我正在寻求 部分 重组面板数据集,从长格式到宽格式,但仅限于由它们各自指定的特定值 names/characters在 R 中的行中。
考虑这个原始格式:
SERIES ECONOMY YEAR Value
246 CPI Panama 1960 0.05
247 CPI Peru 1960 0.05
248 CPI XXXXXX 1960 0.05
249 CPI Panama 1961 0.06
250 CPI Peru 1961 0.06
251 CPI XXXXXX 1961 0.06
252 % Gross savings Panama 1960 5
253 % Gross savings Peru 1960 6
254 % Gross savings XXXXXX 1960 7
255 % Gross savings Panama 1961 20
256 % Gross savings Peru 1961 21
257 % Gross savings XXXXXX 1961 22
(依此类推,不同的国家,“系列”栏中的不同指标,1960-2020 期间每个国家和指标。)
我希望将“经济”保留为单独的列,指定最初看到的国家/地区,也将年份保留为一列,但将系列下的每个单独指标(例如 CPI / % Gross savings)移至他们自己的专栏是这样的:
ECONOMY YEAR CPI %_GROSS_SAVINGS
1 Panama 1960 0.05 5
2 Peru 1960 0.05 6
3 XXXXXX 1960 0.05 7
4 Panama 1961 0.06 20
5 Peru 1961 0.06 21
6 XXXXXX 1961 0.06 22
有什么想法吗?感谢您的回答。
不确定我是否遵循 - 在我看来这是典型的 pivot_wider
使用:
library(tidyr)
dat |> pivot_wider(names_from = "SERIES",
values_from = "Value")
#> # A tibble: 6 x 4
#> ECONOMY YEAR CPI `% Gross savings`
#> <chr> <dbl> <dbl> <dbl>
#> 1 Panama 1960 0.05 5
#> 2 Peru 1960 0.05 6
#> 3 XXXXXX 1960 0.05 7
#> 4 Panama 1961 0.06 20
#> 5 Peru 1961 0.06 21
#> 6 XXXXXX 1961 0.06 22
由 reprex package (v2.0.0)
于 2022-04-08 创建
可重现的数据:
dat <- structure(list(SERIES = c("CPI", "CPI", "CPI", "CPI", "CPI",
"CPI", "% Gross savings", "% Gross savings", "% Gross savings",
"% Gross savings", "% Gross savings", "% Gross savings"), ECONOMY = c("Panama",
"Peru", "XXXXXX", "Panama", "Peru", "XXXXXX", "Panama", "Peru",
"XXXXXX", "Panama", "Peru", "XXXXXX"), YEAR = c(1960, 1960, 1960,
1961, 1961, 1961, 1960, 1960, 1960, 1961, 1961, 1961), Value = c(0.05,
0.05, 0.05, 0.06, 0.06, 0.06, 5, 6, 7, 20, 21, 22)), row.names = c(NA,
-12L), class = c("tbl_df", "tbl", "data.frame"))
重塑2
reshape2::dcast(ECONOMY + YEAR ~ SERIES, data = zz)
# Using Value as value column: use value.var to override.

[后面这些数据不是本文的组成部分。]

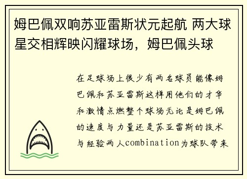 在足球场上,很少有两名球员能像姆巴佩和苏亚雷斯这样,用他们的才华和激情点燃整个球场。无论是姆巴佩的速度与力量,还是苏亚雷斯的技术与经验,两人combination为球队带来了无尽的可能。这场比赛,姆巴...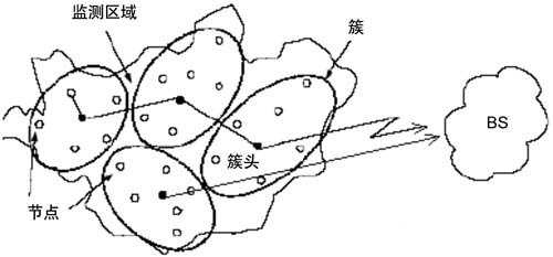 本文中,我們重點(diǎn)評(píng)價(jià)更具有能量有效性的分簇路由算法,它將無(wú)線(xiàn)傳感器網(wǎng)絡(luò)分成若干簇,每個(gè)簇選舉出一個(gè)簇頭,簇頭作為本地基站將簇內(nèi)節(jié)點(diǎn)傳給它的數(shù)據(jù)進(jìn)行數(shù)據(jù)融合[5]后再傳給基站(圖2),因而大大降低了節(jié)點(diǎn)消耗的能量,延長(zhǎng)了網(wǎng)絡(luò)壽命。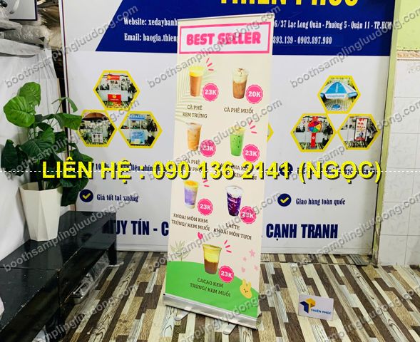 - Standee nhôm cuốn (Roll-Up Banner) là loại standee có thân bằng nhôm nhẹ, kết hợp hệ thống lò xo cuốn giúp thu poster vào hộp nhôm chỉ trong vài giây. Nhờ vậy, poster được bảo vệ tốt hơn, tránh gãy, nhăn hoặc rách khi mang đi nhiều nơi.

# ECONOMY YEAR %_Gross_savings CPI
# 1 Panama 1960 5 0.05
# 2 Panama 1961 20 0.06
# 3 Peru 1960 6 0.05
# 4 Peru 1961 21 0.06
# 5 XXXXXX 1960 7 0.05
# 6 XXXXXX 1961 22 0.06
数据
zz <- structure(list(SERIES = c("CPI", "CPI", "CPI", "CPI", "CPI", "CPI", "%_Gross_savings", "%_Gross_savings", "%_Gross_savings", "%_Gross_savings", "%_Gross_savings", "%_Gross_savings"), ECONOMY = c("Panama", "Peru", "XXXXXX", "Panama", "Peru", "XXXXXX", "Panama", "Peru", "XXXXXX", "Panama", "Peru", "XXXXXX"), YEAR = c(1960L, 1960L, 1960L, 1961L, 1961L, 1961L, 1960L, 1960L, 1960L, 1961L, 1961L, 1961L), Value = c(0.05, 0.05, 0.05, 0.06, 0.06, 0.06, 5, 6, 7, 20, 21, 22)), class = "data.frame", row.names = c("246", "247", "248", "249", "250", "251", "252", "253", "254", "255", "256", "257"))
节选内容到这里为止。